Privacy Policy

1. Data we collect

• Identity data: name, date of birth, government-issued ID, photographs, source-of-funds documentation.
• Contact data: email address, phone number, postal address.
• Account & transactional data: trades, deposits, withdrawals, fee records, support correspondence.
• Technical data: IP address, device identifiers, browser metadata, login telemetry.

2. How we use your data

• To provide and operate the Services.
• To meet our regulatory and AML/KYC obligations.
• To detect and prevent fraud, abuse and security incidents.
• To improve the platform and personalize relevant communications.

3. Legal bases

We process personal data on the basis of contract performance, legal obligation, legitimate interests (including security and fraud prevention) and, where applicable, consent.

4. Sharing

We share data with regulated service providers (KYC, banking, analytics, infrastructure), supervisory authorities where required by law, and counterparties where mandated under the FATF Travel Rule. We do not sell personal data.

5. Retention

We retain personal data for as long as required to provide the Services and to satisfy legal, accounting or reporting requirements — typically 5–7 years after account closure for AML records.

6. Your rights

Subject to applicable law, you may request access, correction, deletion, portability or restriction of processing. Submit requests to privacy@fortivaultx.com; we respond within 30 days.

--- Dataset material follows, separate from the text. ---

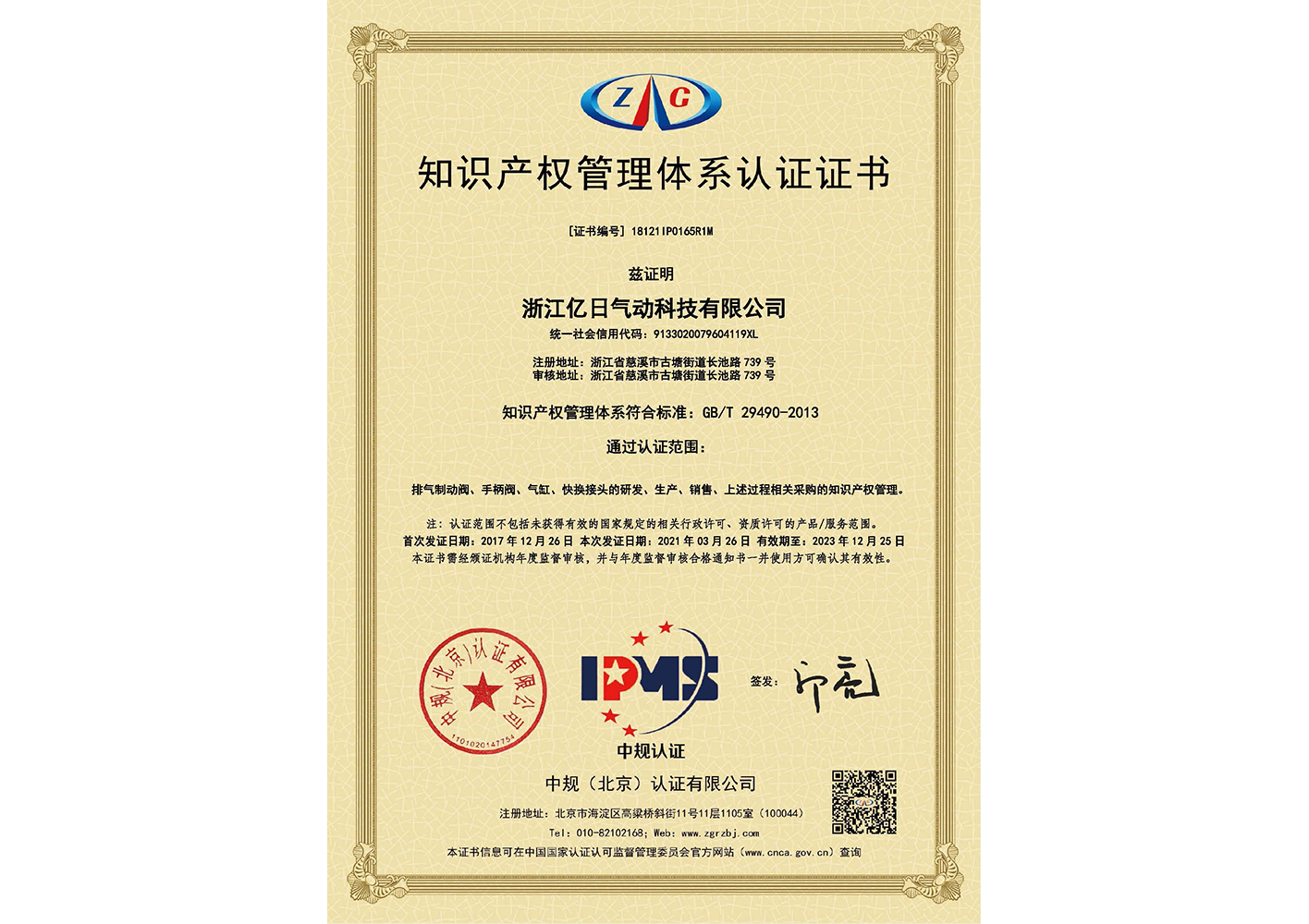 知識(shí)產(chǎn)權(quán)管理體系認(rèn)證證書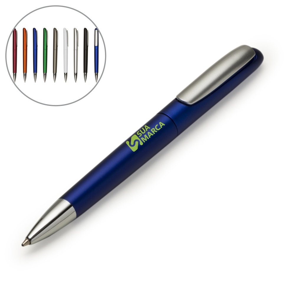 Caneta plástica inteira colorida com detalhes prata. Acionador é o próprio clip plástico, basta apertar parte inferior dele para utilizar a esferográfica e apertar a parte superior do clip pra guardá-la.

7. International transfers

Where personal data is transferred outside your jurisdiction, we rely on appropriate safeguards such as Standard Contractual Clauses or adequacy decisions.

8. Security

We use industry-standard administrative, technical and physical safeguards, including AES-256 encryption at rest, TLS 1.3 in transit, hardware-key MFA for staff and continuous third-party penetration testing.